Friday Nov 14 Stephanie Su

Stephanie Su

Ph.D. Candidate, University of Chicago, Department of Art History

The 1933 Chinese Art Exhibition in Paris: Constructing New Canons for European Audience

Exhibition entrance

Abstract:

This paper explores the formation of canons in art historical writing and exhibition through the lens of the Sino-Japanese relationship in the early twentieth century. Opened in June 1933, the Exposition de la Peinture Chinoise was the first large-scale exhibition on Chinese art in Paris, surveying its development from the Han dynasty to the early 1930s. It created a sensation in the Parisian art world, attracted unprecedented numbers of viewers and was widely covered by both French and Chinese media. Its significance, however, extended beyond its popularity. Motivated by the success of earlier Japanese art exhibitions in Paris, Xu Beihong (1895-1953), the curator of the Chinese exhibition, collaborated with French art museums, private collectors and Chinese artists to organize an exhibition that aimed to not only reclaim the cultural supremacy of China but also reconstruct new canons for European audience.  This paper examines Xu’s curatorial, rhetorical and visual strategies to engage overseas audience and historicize his own works within that narrative of Chinese art.  _________________________________________________

Stephanie Su is a Ph.D. candidate in the art history department. Her research interests include 20th century Chinese and Japanese art, Sino-Japanese relationship, the cultural exchange between Europe and East Asia, historiography, history of collecting and display, etc. She’s currently writing her dissertation on the visual representation of the past in the early twentieth century Japanese and Chinese painting.

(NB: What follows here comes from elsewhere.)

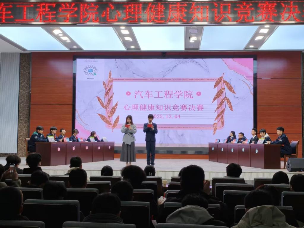 12月4日,汽车工程学院第八届心理健康知识竞赛决赛在智能制造大楼A栋四楼报告厅顺利举办。本次活动由学院二级心理工作站组织,以“知心践行・启智明心”为主题,通过以赛促学的方式普及心理健康知识,增强学生心理调适能力,培育理性平和的心态。经过11月26日初赛的纸质试卷考核,10位优秀选手晋级决赛。
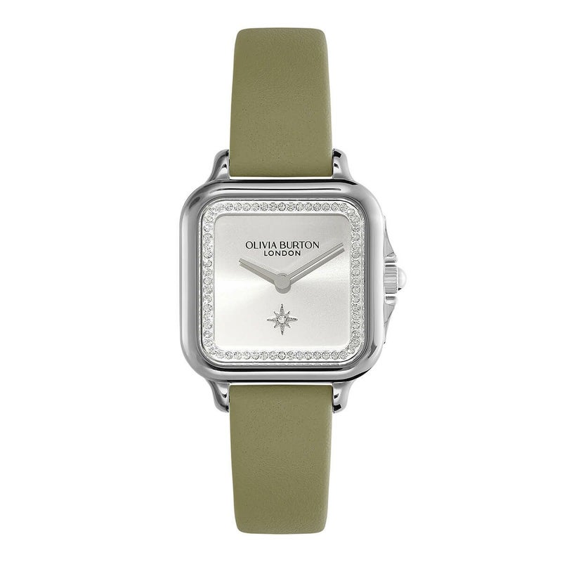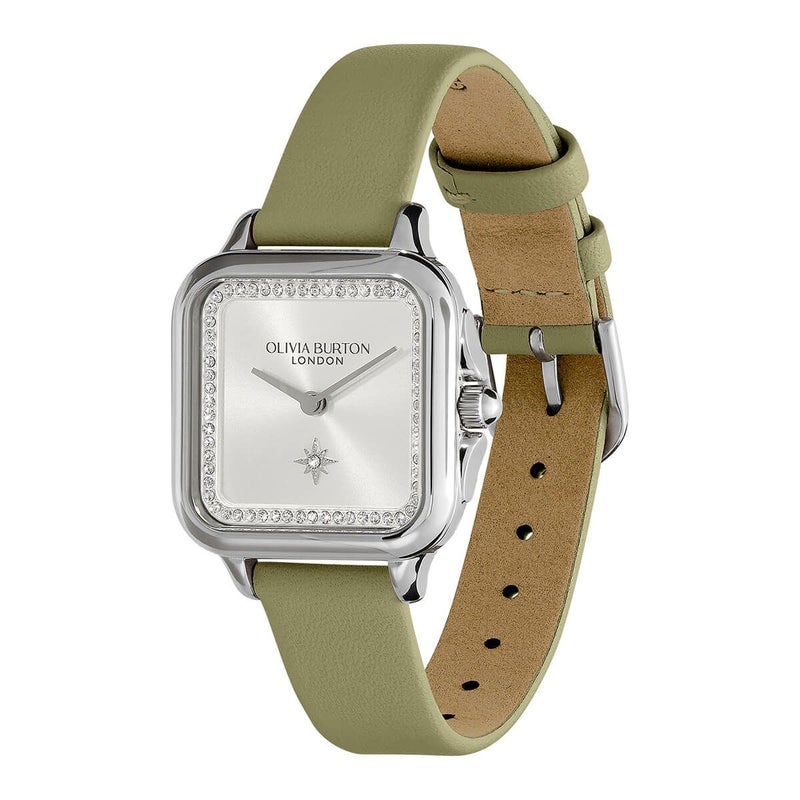 オリビア・バートン クラシック - 28mm グロブナー クリスタル シルバー サンレイ セージ レザー

Friday, Nov 14th, 4:30-6:30pm, CWAC 156
Persons with disability who may need assistance, please contact Tingting Xu tingtingxu@uchicago.edu.

Friday Nov 7th Shaoqian Zhang

Shaoqian Zhang

Professor, Oklahoma State University, Department of Art, Graphic Design and Art History

 The Making of Harmony and War, from New Year Pictures to Propaganda Posters during China’s Second Sino-Japanese War

ja 54

Abstract:

Historically, Sino-Japanese cultural exchanges were dominated by a China-oriented mentality. This relationship shifted abruptly in the late nineteenth century with Japan’s rapid westernization and industrialization, which coincided with the cultural and political implosion of the Qing Dynasty, and was further inverted as Japan became a world power and China struggled to reassemble itself. It was thus with a sense of justification that the Japanese advertised themselves as the legitimate protector of East Asian culture, and key Chinese cities under their occupation became a battleground for what Japan called the New Order in East Asia. Some Japanese and Chinese were able to agree on a working relationship under a new structure of political authority, and a number of propaganda posters were produced to reflect these negotiations. After 1938, the Chinese Guomindang also began to pay attention to propaganda art. Based on original archival research of primary historical documents and visual analysis of important icons in those propaganda images, this article examines the subsequent war of propaganda prints between the Guomindang and the Japanese militarists during the 1930s and 1940s, and demonstrates how the Chinese were able to utilize a variety of signs, symbols and art techniques to create their own propaganda prints in the effort to break from New Order in East Asia.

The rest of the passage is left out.